• **Supplied data**
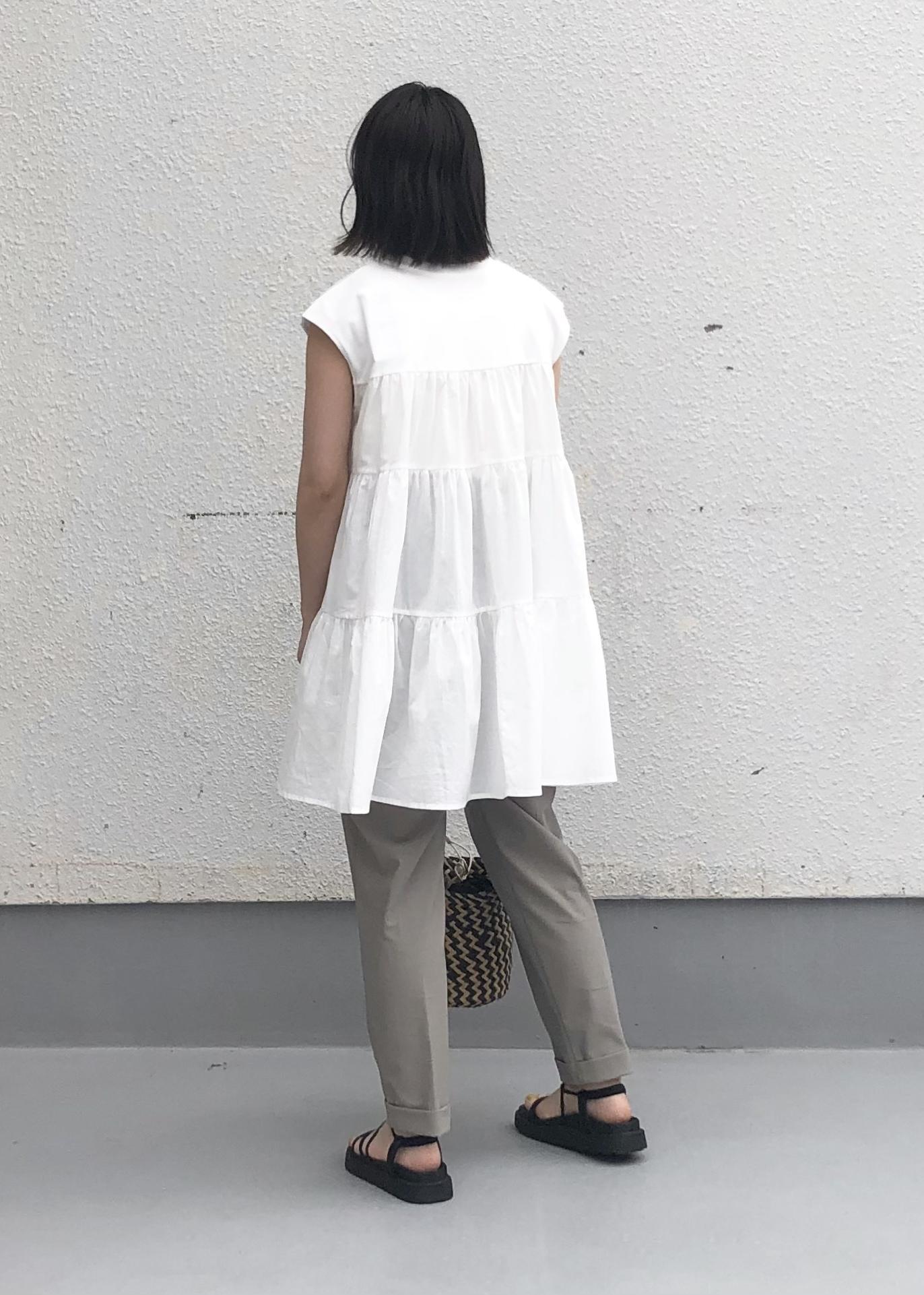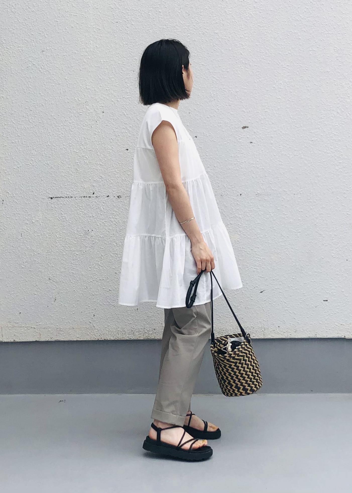 今年らしいティアードカットソーにテーパードパンツを 合わせたカジュアルすぎないコーディネート。 ボトムはテーパードパンツでスッキリとした印象に! 小物は雑材やサンダルで夏らしくまとめました。 淡いカラーはブラックで締めて着るのが◯
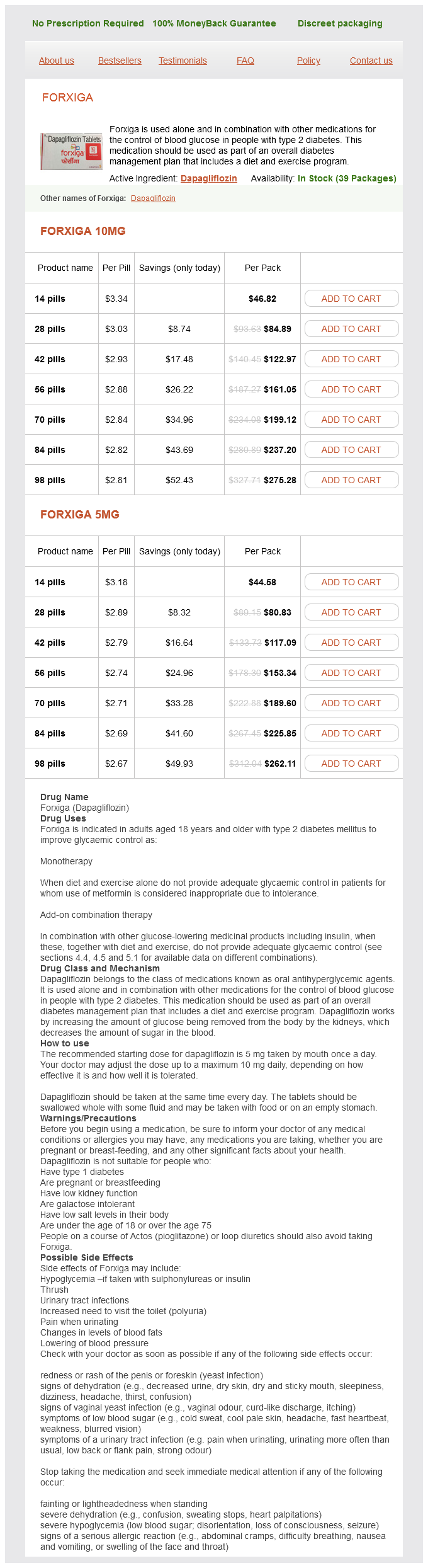 Forxiga packs: 14 pills, 28 pills, 42 pills, 56 pills, 70 pills, 84 pills, 98 pills
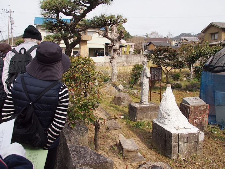 公民館をスタートしまして、まず向かいますのが「足利義昭居館(鞆幕府)趾・御殿畑」「惣堂明神社」のようです。
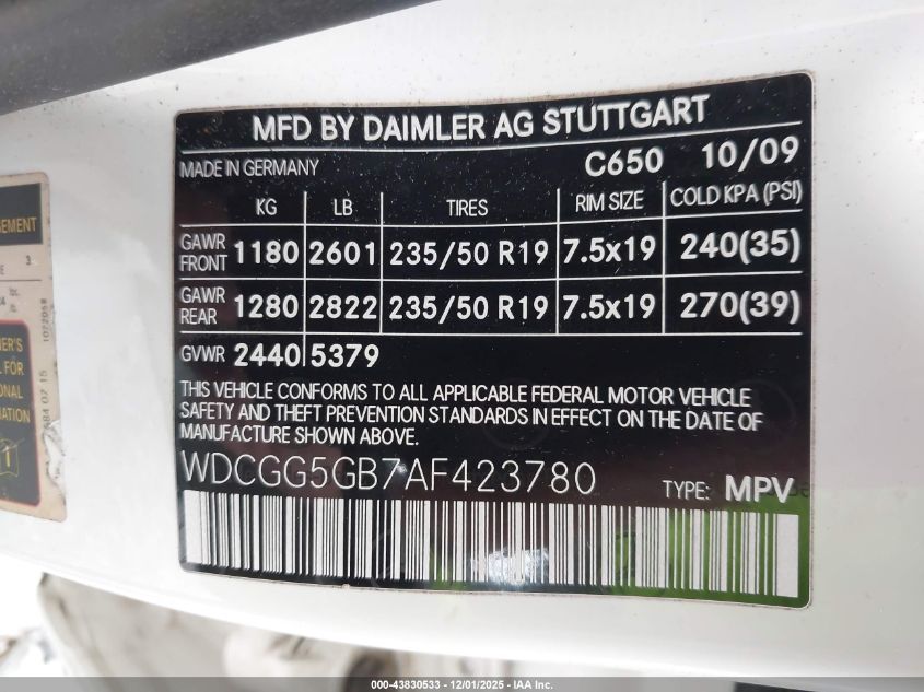 Колір БілийЦиліндри 6VIN WDCGG5GB7AF423780Стан Заводиться та їде (перевірено)Ушкодження Незначні AutoRIA

• **Directions for this task**
Would you restate, word for word, the lines from the one holding "Forxiga packs: 14" through the end of the material above? Omit the pictures.

• **Response to this task**
 Forxiga packs: 14 pills, 28 pills, 42 pills, 56 pills, 70 pills, 84 pills, 98 pills
 公民館をスタートしまして、まず向かいますのが「足利義昭居館(鞆幕府)趾・御殿畑」「惣堂明神社」のようです。
 Колір БілийЦиліндри 6VIN WDCGG5GB7AF423780Стан Заводиться та їде (перевірено)Ушкодження Незначні AutoRIA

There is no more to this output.